Without the images, output every record exactly as it appears.

Top of Data for the task

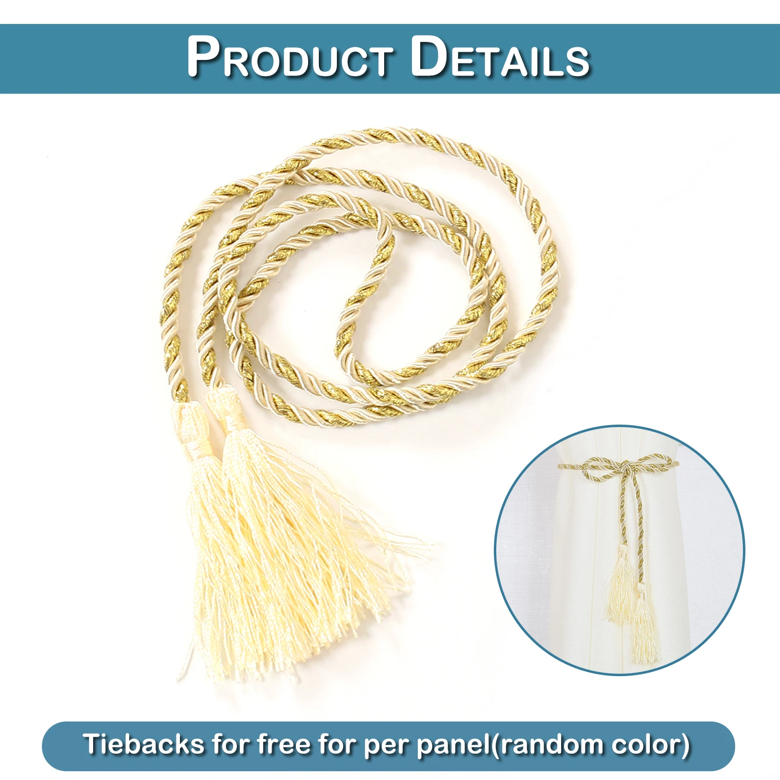 White;52''*63''/52''*84''/52''*95''/52''*108''(size without Pompom); Rod Pocket Heading; Tieback(Random Color) for free for each panel.
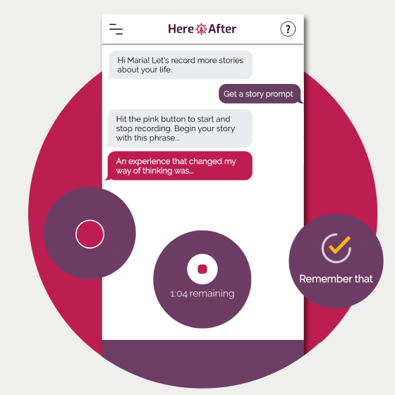 Audio record meaningful life memories with help from a friendly, virtual interviewer. Get inspiration from hundreds of story prompts or come up with ideas of your own.
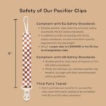 Safety is paramount for every parent, and we share that commitment. Our clips have undergone rigorous third-party testing to meet not just US but also EU safety. Our binky holder is a safer alternative to any silicone or wooden pacifier clip.
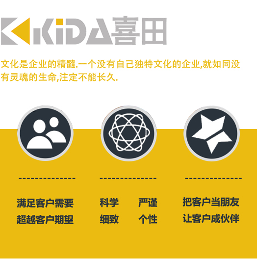 ?喜田(上海)貿(mào)易有限公司是專門負(fù)責(zé)為國內(nèi)外自動(dòng)化工業(yè)知名品牌在中國大陸及香港地區(qū)的推廣及代理.公司坐落于上海閘北高新技術(shù)園區(qū)內(nèi),位于公共設(shè)施,行政機(jī)關(guān)等比較集中,人群流動(dòng)量較大的上海市中心.公司在閘北高新技術(shù)園區(qū)自購辦公樓二層,規(guī)模超過一千平方米.在職員工五十余人,平均文化水品本科以上,其中不乏自動(dòng)化工業(yè)的專業(yè)性技術(shù)人才.是閘北高新技術(shù)的重點(diǎn)企業(yè).
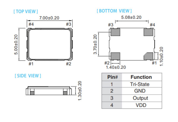 Typical 7.0×5.0×1.3mm ceramic SMD package.
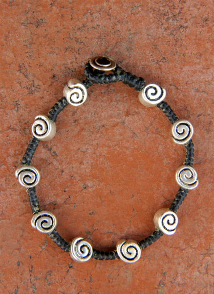 Originální náramek v jednoduchém provedení. Pro obvod zápěstí 17-18,5 cm. Zapínání na knoflíček a poutko. Kovové korálky (barva: stříbrná patina) jsou navlečeny na povoskované šňůrce.
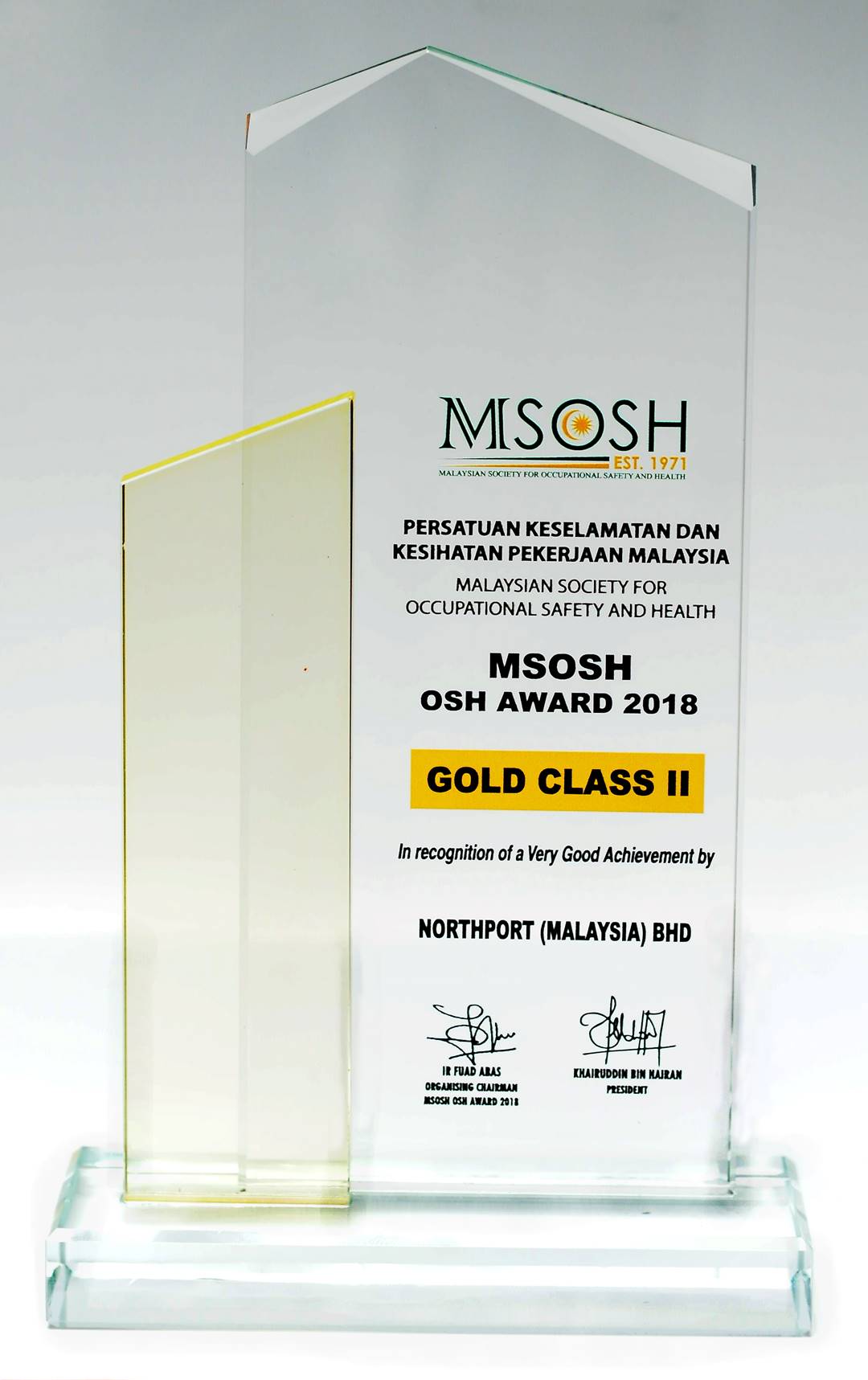 Malaysian Society for Occupational Safety and Health (MSOSH) Gold Award 2018 (Class 2) (Logistics & Transportation Category).

Bottom of Data for the task

Solution to this exercise:
 White;52''*63''/52''*84''/52''*95''/52''*108''(size without Pompom); Rod Pocket Heading; Tieback(Random Color) for free for each panel.
 Audio record meaningful life memories with help from a friendly, virtual interviewer. Get inspiration from hundreds of story prompts or come up with ideas of your own.
 Safety is paramount for every parent, and we share that commitment. Our clips have undergone rigorous third-party testing to meet not just US but also EU safety. Our binky holder is a safer alternative to any silicone or wooden pacifier clip.
 ?喜田(上海)貿(mào)易有限公司是專門負(fù)責(zé)為國內(nèi)外自動(dòng)化工業(yè)知名品牌在中國大陸及香港地區(qū)的推廣及代理.公司坐落于上海閘北高新技術(shù)園區(qū)內(nèi),位于公共設(shè)施,行政機(jī)關(guān)等比較集中,人群流動(dòng)量較大的上海市中心.公司在閘北高新技術(shù)園區(qū)自購辦公樓二層,規(guī)模超過一千平方米.在職員工五十余人,平均文化水品本科以上,其中不乏自動(dòng)化工業(yè)的專業(yè)性技術(shù)人才.是閘北高新技術(shù)的重點(diǎn)企業(yè).
 Typical 7.0×5.0×1.3mm ceramic SMD package.
 Originální náramek v jednoduchém provedení. Pro obvod zápěstí 17-18,5 cm. Zapínání na knoflíček a poutko. Kovové korálky (barva: stříbrná patina) jsou navlečeny na povoskované šňůrce.
 Malaysian Society for Occupational Safety and Health (MSOSH) Gold Award 2018 (Class 2) (Logistics & Transportation Category).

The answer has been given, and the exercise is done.